DIRECTING FUNDS TOWARD INTERNAL BRANDING The first trend is a shift in corporate attitude toward the role of employees and channel partners in the overall branding strategy and its effect on the bottom line. It is the growing realization that external efforts to promote a company’s brand to its customers are necessary, but in order to actually deliver on that brand promise, there also must be a plan for aligning employee attitudes and actions with that brand. Internal branding, which involves communicating to employees what the brand is and how each employee can bring to life, is becoming increasingly important in a company’s ability to differentiate itself from its competition. Although the link between engaged employees, satisfied customers and an improved bottom line has been supported intuitively by business executives, there is a growing body of evidence that quantifies this link. Brands aren’t logos and taglines; they are customer experiences delivered over time. And aside from the product or service itself, people can be the most important element in delivering on the brand promise. Studies show that companies that align their employees with the corporate mission and brand consistently outperform their competition.
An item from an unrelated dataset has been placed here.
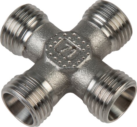 Exemplarische Darstellung: Kreuz-Verschraubung, Stahl verzinkt Exemplarische Darstellung: Kreuz-Verschraubung, 1.4571 Exemplarische Darstellung: Kreuz-Verschraubung, ohne Mutter & Schneidring, Stahl verzinkt Exemplarische Darstellung: Kreuz-verschraubung, ohne Mutter & Schneidring, 1.4571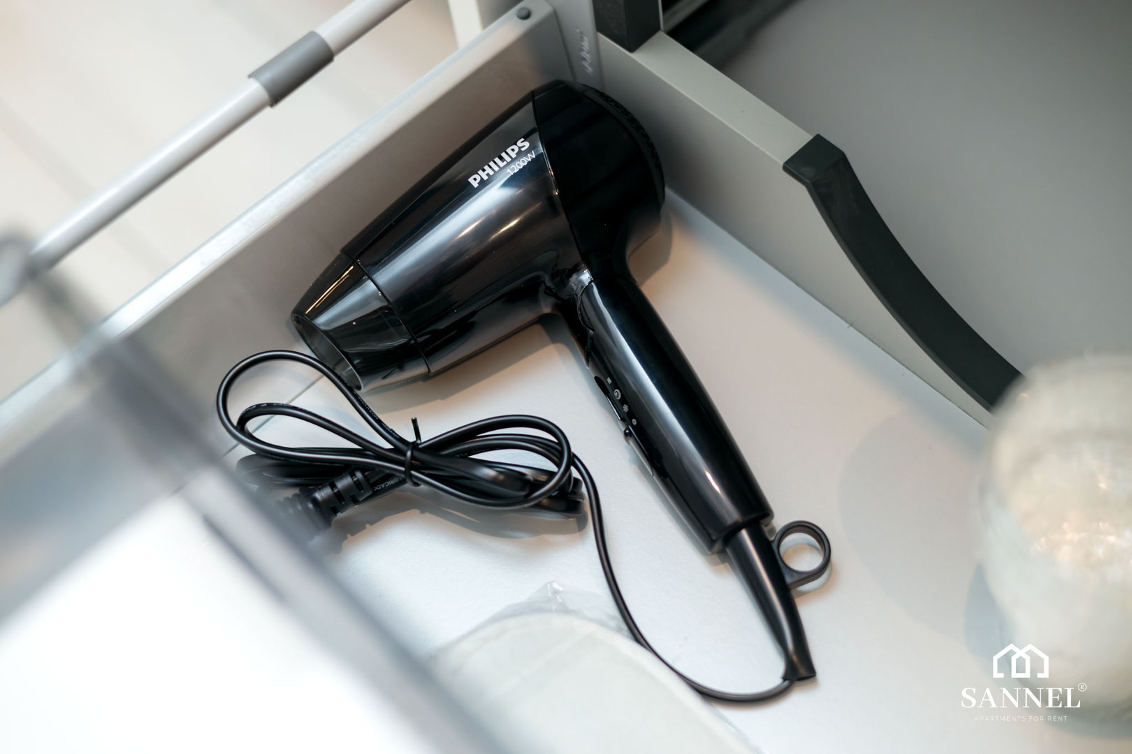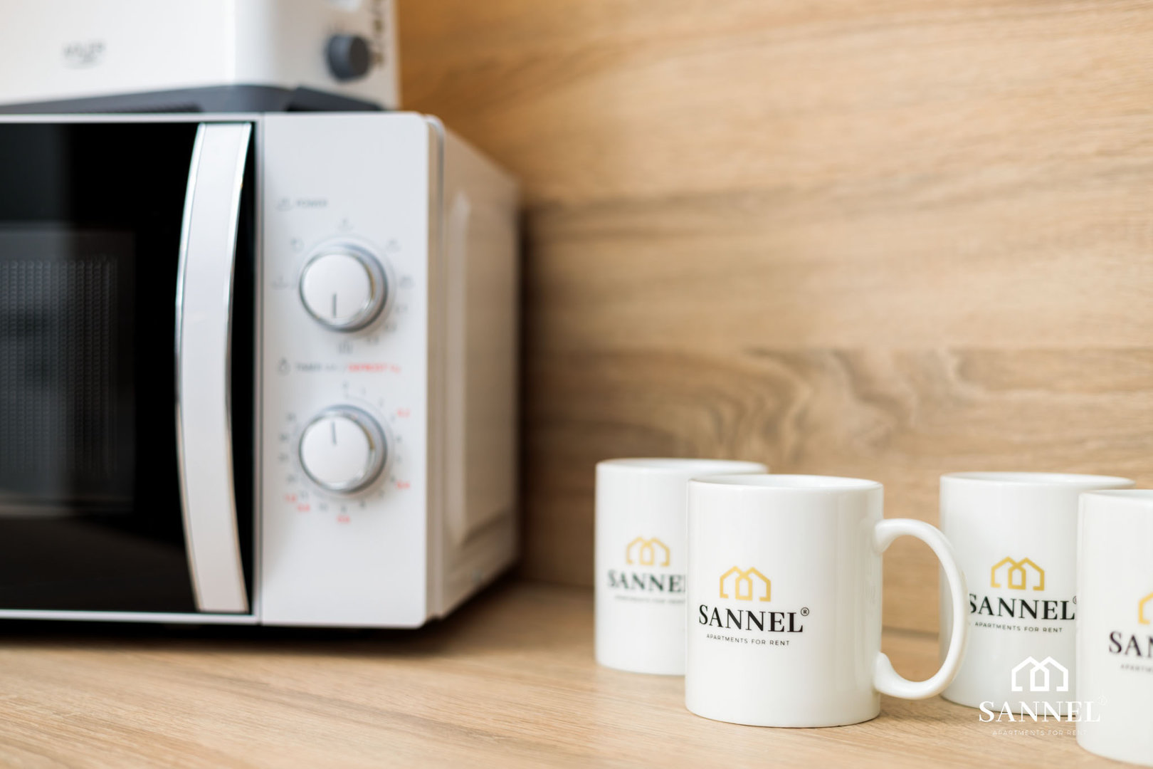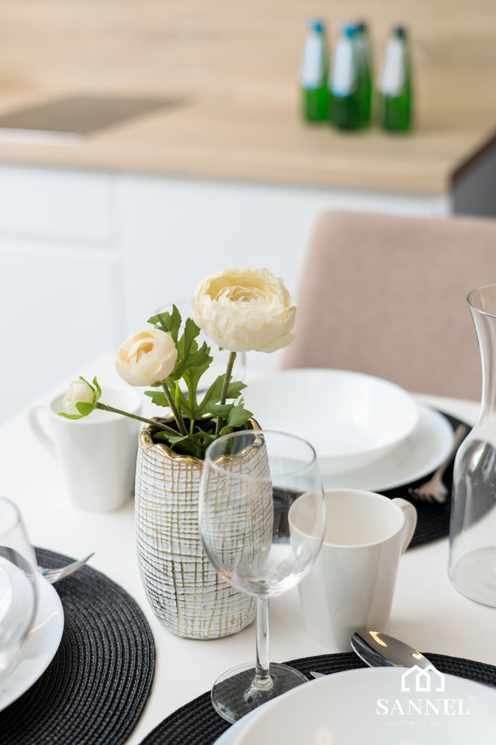 Usytuowany jest na pierwszym piętrze trzypiętrowego budynku z windą od strony wschodniej z widokiem na las. Składa się z salonu z aneksem kuchennym z wydzielonym miejscem do spożywania posiłków, sypialni, łazienki oraz przestronnego, dużego balkonu. Salon wyposażony został w sofę z funkcją spania, stolik kawowy, komodę, TV z płaskim ekranem z dostępem do kanałów kablowych, internetu oraz platform streamingowych. W tym pomieszczeniu znajduje się także stół z krzesłami do spożywania posiłków. Z salonu można wyjść na duży balkon gdzie znajduje się stół z krzesłami. Aneks kuchenny apartamentu Sunny Dune wyposażony został we wszystkie potrzebne sprzęty AGD takie jak czajnik elektryczny, ekspres do kawy, dwupalnikową płytę indukcyjną, toster, mikrofalówkę oraz wszelkie niezbędne akcesoria, potrzebne do przygotowania posiłków. Przestronna sypialnia posiada duże łóżko małżeńskie z oświetleniem do czytania, szafki oraz pojemną szafę do przechowywania ubrań. W łazience znajduje się duża kabina prysznicowa, umywalka z szafką, wiszące szafki, toaleta a także pralka.

One example of research that connects employee engagement to employee satisfaction, and employee satisfaction to profitability, is a 2007 study conducted by the Russell Investment Group. The study analyzed the stock performance of Fortune’s annual list of the “100 Best Companies to Work For” and compared it to the stock performance of the broader market. The study found that since 1998 the companies on this list delivered five times as much to investors as the general market—a clear link between employee engagement and financial performance.1 Another example is a study of a major hotel chain conducted by Dr. Don Schultz, a professor at Northwestern University. The study tested the belief that engaged employees, who are focused on delivering on the brand promise of exceptional service to customers, can positively impact financial performance. Analysis of survey and spending data collected from customers © 2011 | ITAGroup®, the associated design/logo and Driven by Loyalty® are registered service marks of ITAGroup, Inc. All rights reserved. | Page 1 of 6
revealed that a 10 percent increase in customers’ perceptions that the hotel “tried to satisfy” them resulted in a 23 percent increase in overall consumer spending and a 20 percent increase in spending per visit.2 A third study, conducted by Towers Perrin/ISR, analyzed employee survey data collected from more than 664,000 employees from companies across 50 countries and the financial performance of those companies. The study found that not only do companies with highly engaged employees have lower staff turnover rates, lower absenteeism and higher customer satisfaction, but that these same companies perform better financially, as well. Specifically, the study found that earnings per share (EPS) for the companies with higher levels of employee engagement rose by 28 percent, compared to a drop of 11 percent in EPS among companies with lower levels of employee engagement.3 Aligning employee behavior with corporate direction and delivering on the brand promise takes a concerted effort, but the impact that employees can have on satisfying customers and financial performance is undeniable. Dollars used to improve employee engagement and customer experience are delivering a strong return on investment, and more companies are becoming a part of this trend.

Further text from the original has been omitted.